Ставя на стол перед Свеном горшок с кашей, Ружана шепнула ему на ухо:
– Цветанка пропала! Пойдешь к хозяину – попроси ее повидать.
Свен быстро обернулся, но она уже отошла от него и направилась к двери.
Он не забыл этих слов. Обедать его позвали к Боголюбу, и, войдя, Свен оглядел избу.
– А где же дочь твоя красавица? – весело спросил он у князя, поздоровавшись с ним, с Горянью и тремя сыновьями. – Цветана? Вчера весь день на нее любовался. Коли помнишь наш уговор – ее возьму.
Заранее Свен не поверил бы, что Боголюб – этот внушительный, уверенный старец, – может замяться.
– М-м-м… нету дома девки, к коровам, что ли, пошла? – Князь бросил взгляд на Горянь, будто звал на помощь.
– Уж очень хочу повидать ее, пока не уехал, сердце горит! – наседал Свен, с радостью убеждаясь, что совет им получен верный.
И даже не то его радовало, что появилось средство прищучить Боголюба, сколько то, что это средство ему вручила Ружана.
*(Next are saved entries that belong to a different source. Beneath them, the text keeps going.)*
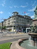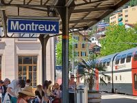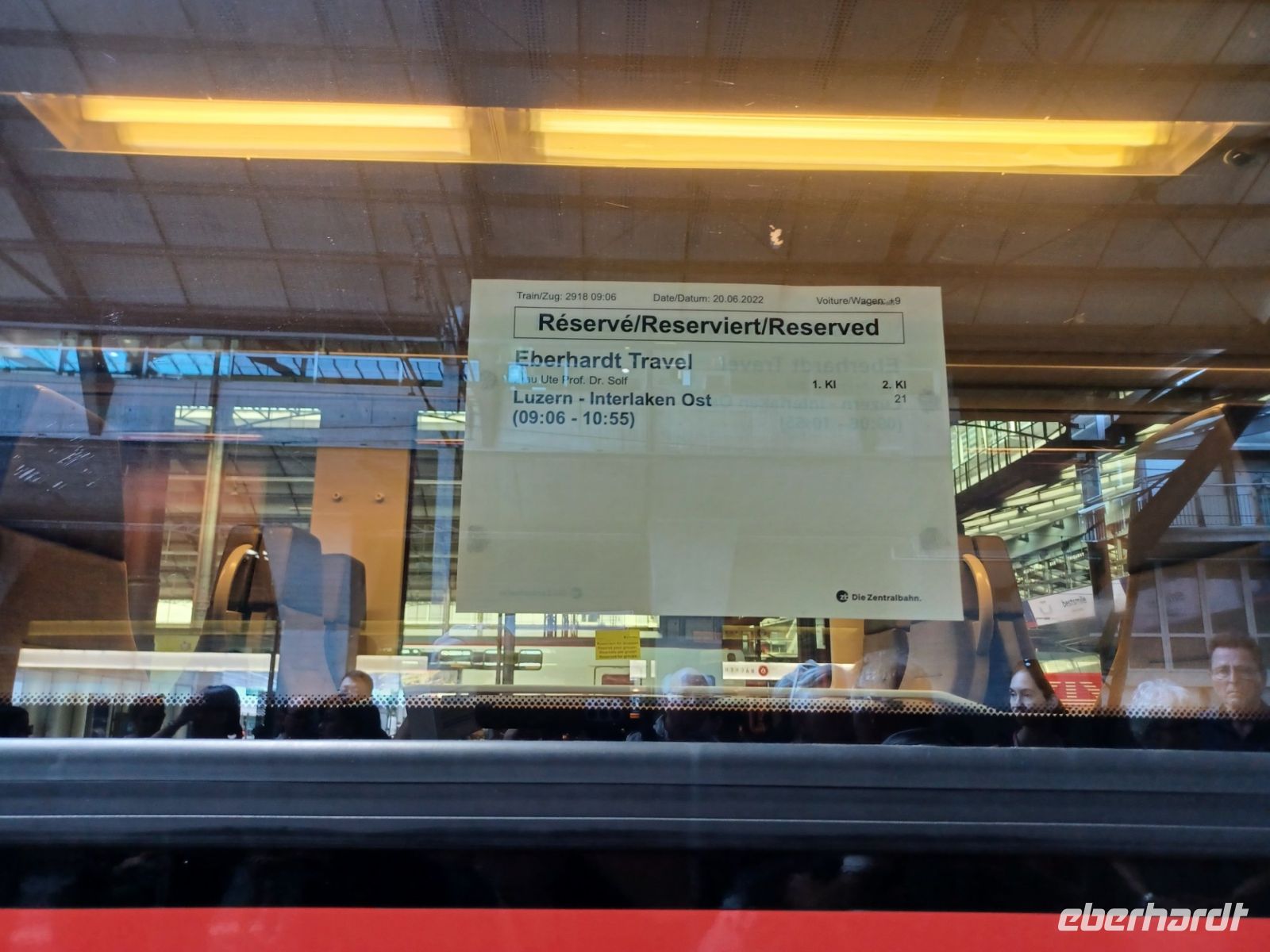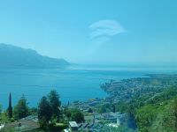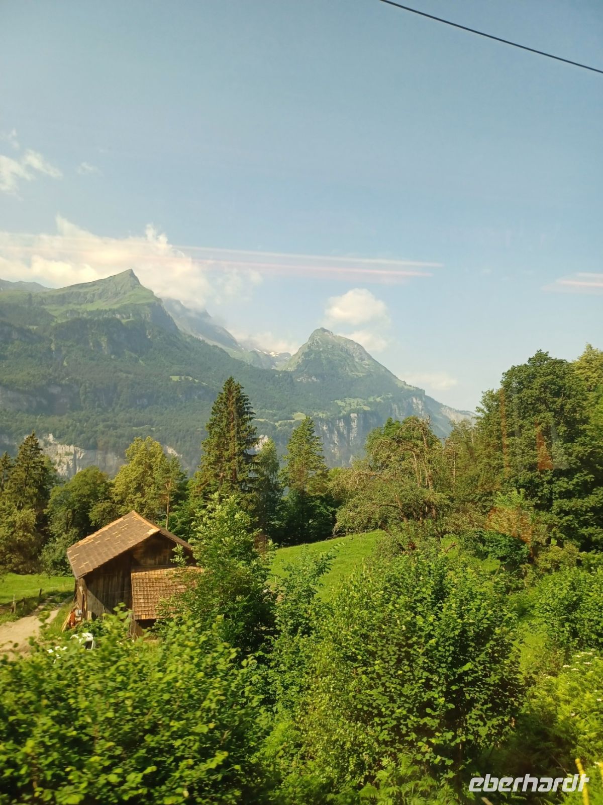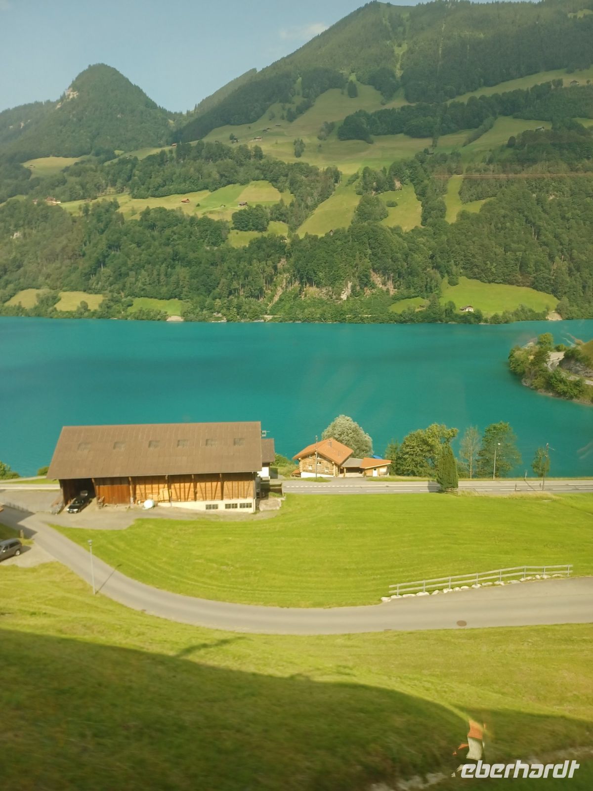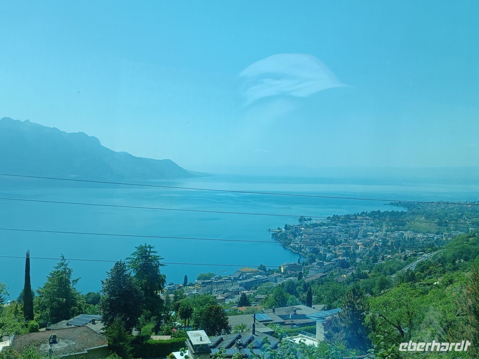 heute heißt es Abmarsch um 8:15 Uhr. Wir nehmen den Linienbus ab Hotel zum Bahnhof u. fahren mit 4 Umstiegen nach Lausanne. Der Luzern-Interlakenexpress bringt uns die 74 km in 2 h nach Interlaken Wir passieren den Vierwaldstättersee, den Brienzersee u. bei Spiez den Thunersee. Umstieg in Spiez nach Zweisimmen. Von dort mit der GoldenPass -Linie bis Montreux am Genfer See. Wir sind in der französisch sprachigen Schweiz. Ein letzter Zugumstieg u. wir fahren entlang des Genfer Sees bis Lausanne. Der Weg vom Bahnhof bis zum Hotel erscheint uns durch die Hitze beschwerlich. Aber die Zimmer sind angenehm kühl u. wir nehmen zum Abendessen im schattigen Garten Platz.
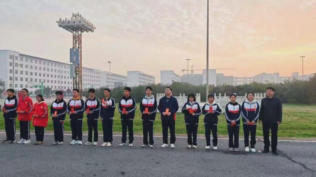 此次升旗仪式既是一次激励,更是一次动员。它如强心之剂,为攻坚阶段的高三学子注入了坚定信念与前行力量。全体高三师生必将以此为新起点,凝心聚力,以更加饱满的热情、昂扬的斗志和扎实的作风,共同奔赴明年六月的辉煌之约!(刘泽鲲)
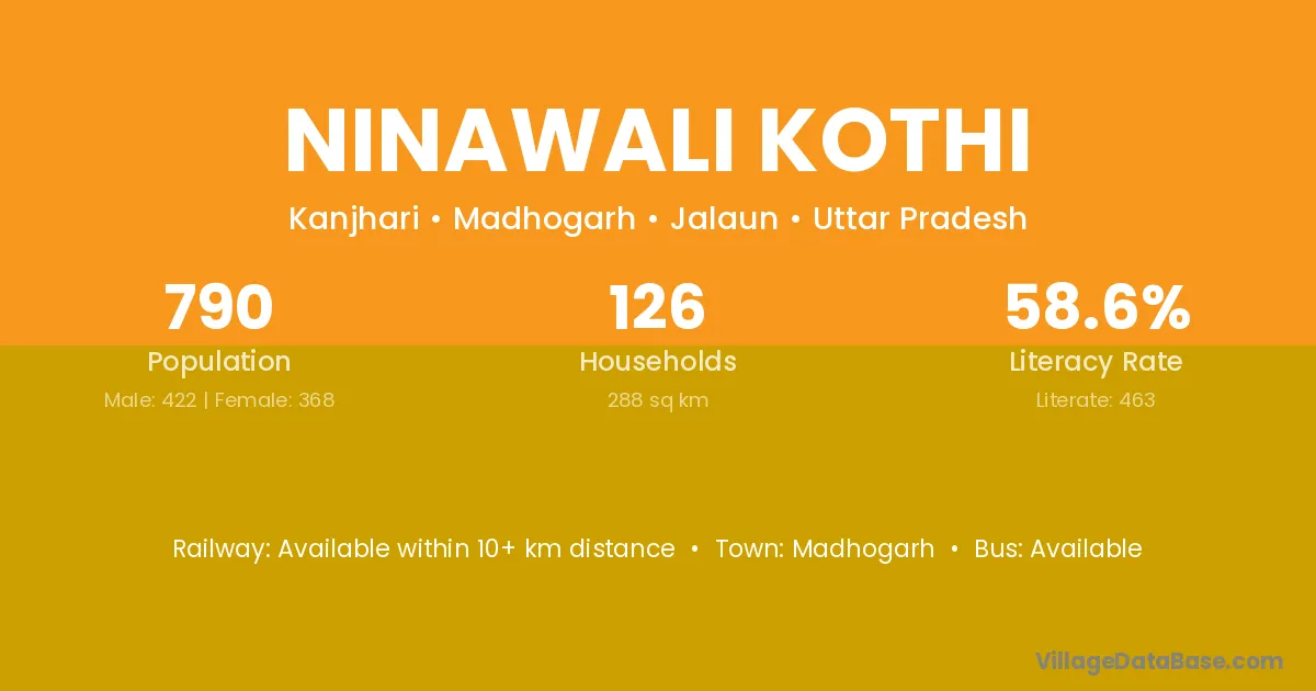 Ninawali Kothi village has a total population of 790 people, of which 422 are males and 368 are females.
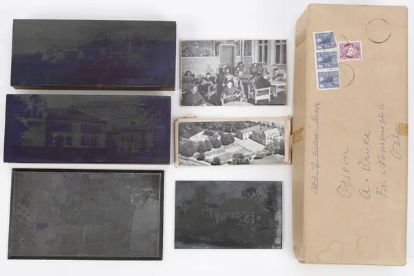 Sekundær, Påskrift (Håndskrevet adresse og avs. "Oticon" er en proddusent av hjelpemidler for hørselhemmede. Dessverre er poststempelet uleleslig, også datering. Esken er brukt senere til oppbevaring av klisjeene.): avs. E Moen (?) Risør
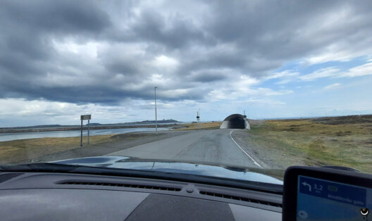 Was etwas anmutet wie ein Abflußrohr, ist der Tunneleingang des Unterseetunnels zur Insel Vardo. 1983 als erster Unterwassertunnel Norwegens eröffnet. Knapp 3 Kilometer lang verläuft er 88 Meter unter dem Meeresspiegel.

– А то давай и обручение сладим, пока я здесь. Ведь скоро ехать. Помнишь, что я говорил тебе? Вчера ты потрудился, нынче отдыхай, а завтра в путь пора!
– Девы в роду нашем все хороши, худой ни одной нет! – строго вставила Горянь. – Какую дадим, такая тебе и будет!
Свен едва удержался, чтобы не засмеяться.
– Нет, матушка! Мне выбирать позволили. Я выбрал. А слова своего князья назад не берут!